DimProduct (harmony)

ProductKey, ProductName, Category, Brand

Key characteristics:

Fact = many rows, numeric measures, foreign keys to dims.
Dimension = relatively few rows, descriptive attributes, primary key.

When fact and dims are aligned by consistent keys and grain, queries are simple and correct.

Star schema — the classic pop song (simple & fast)

A star schema has one central fact table with dimension tables radiating out. It’s the most common and recommended pattern for Power BI.

Visual (ASCII):

DimDate
         |
DimCustomer — FactSales — DimProduct
         |
      DimRegion

Why star schema works well in Power BI

Fewer joins → faster queries in VertiPaq (the in-memory engine).
DAX measures are simpler because relationships are straightforward.
Good for aggregation (rollups by date, product, customer).
Easy for report consumers to understand.

When to use it: Most analytics and reporting scenarios where speed and simplicity matter.

Snowflake schema — the classical piece (normalized)

A snowflake schema normalizes dimensions into multiple tables. Example: DimProduct → DimCategory → DimSubcategory.

Why you might choose snowflake:

Less redundancy; easier to maintain when attributes change frequently across many items.
Smaller dimension tables (sometimes saving storage).

Why it can slow things down in Power BI:

More joins increase query complexity and can slow VertiPaq queries.
DAX can become more complex when traversing normalized hierarchies.

Rule of thumb: prefer star for analytical models in Power BI. Use snowflake only when normalization gives clear maintenance or governance benefits.
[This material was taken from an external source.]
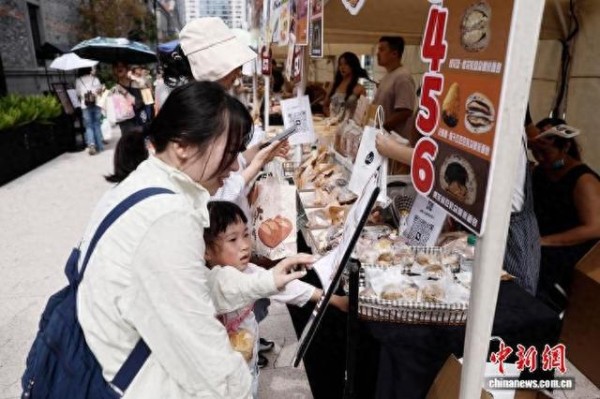 10月2日,市民带着孩子购买面包。近日,全新升级的“一起发酵吧”面包文化节在上海苏河湾万象天地慎余里广场举行,来自全国各地的优质面包品牌,从松软的日式吐司、酥脆的可颂,到创意十足的馅料面包、健康的全麦面包汇聚在此,方便市民品尝并选购。同时,现场还有周边伴手礼free兑换,打卡集章抽奖,diy等惊喜活动。中新社记者 殷立勤 摄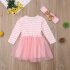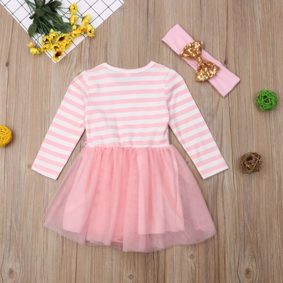 Baby Girl Long Sleeve Striped Pink One Birthday Tulle Party Dress Summer Cute Headband

Relationships — the chord progressions of your model

Relationships tell Power BI how tables connect. Important concepts:

Cardinality: One-to-many (1:), many-to-one (:1), many-to-many (:). Most common is 1:* (dimension → fact).
Cross-filter direction: single or both. Single is safer and faster; both (bidirectional) can be convenient but may introduce ambiguity and performance issues.
Active vs inactive relationships: only active relationships filter by default. USERELATIONSHIP in DAX can activate an inactive relationship in a calculation.
Relationship keys: use surrogate numeric keys (integers) for best performance; avoid text-based keys for relationships if possible.

Examples (DAX)

Basic measure

Total Revenue = SUM(FactSales[Revenue])
Use an alternate date relationship

Total Sales by Ship Date =
CALCULATE(
[Total Revenue],
USERELATIONSHIP(DimDate[DateKey], FactSales[ShipDateKey])
)

Many-to-many: use a bridge table or composite model to avoid ambiguous filters and double counting.
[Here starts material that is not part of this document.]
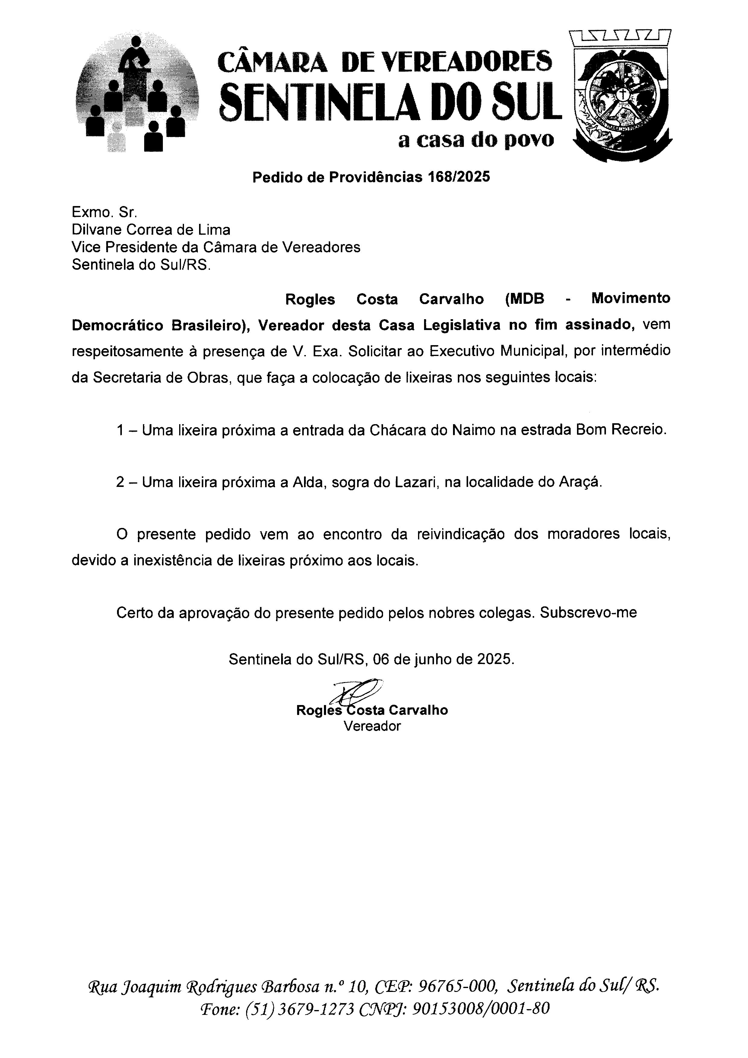 Assunto: Colocação de lixeiras nos seguintes locais:

Grain matters — set the right level for facts

The “grain” of a fact table defines what a single row represents:

Order line (one row per SKU per order)
Order header (one row per order)
Daily aggregated sales (one row per product per day)

If granularity is inconsistent across tables or measures, you’ll get wrong numbers (double counts, weird averages). Always:

Decide the grain early.
Keep the fact table at the lowest necessary grain for your reports.
Use aggregated tables for faster summary reports if needed.
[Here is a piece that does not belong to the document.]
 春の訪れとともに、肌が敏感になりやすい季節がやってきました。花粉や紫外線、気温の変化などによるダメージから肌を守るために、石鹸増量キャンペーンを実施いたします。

Performance — why modelling makes or breaks speed

Power BI uses VertiPaq: a columnar, in-memory engine with dictionary encoding and compression. Good modelling optimizes those internals.

Practical performance rules

Remove unnecessary columns (they increase memory).
Prefer numeric surrogate keys — smaller dictionaries and faster joins.
Reduce cardinality where possible (high-cardinality columns are expensive).
Use star schema so queries join fewer tables.
Keep dimension attributes that you use in visuals; move rarely used attributes to a separate table.
Use Import mode for best performance; DirectQuery has runtime dependency on source and limits optimization.
Use incremental refresh for large fact tables.

Advanced tools

Aggregations: create pre-aggregated summary tables for high-level reports and let Power BI route queries to them.
Composite models & Dual storage mode: combine Import and DirectQuery, use dual to optimize lookup tables.
VertiPaq Analyzer or Power BI Performance Analyzer to find bottlenecks.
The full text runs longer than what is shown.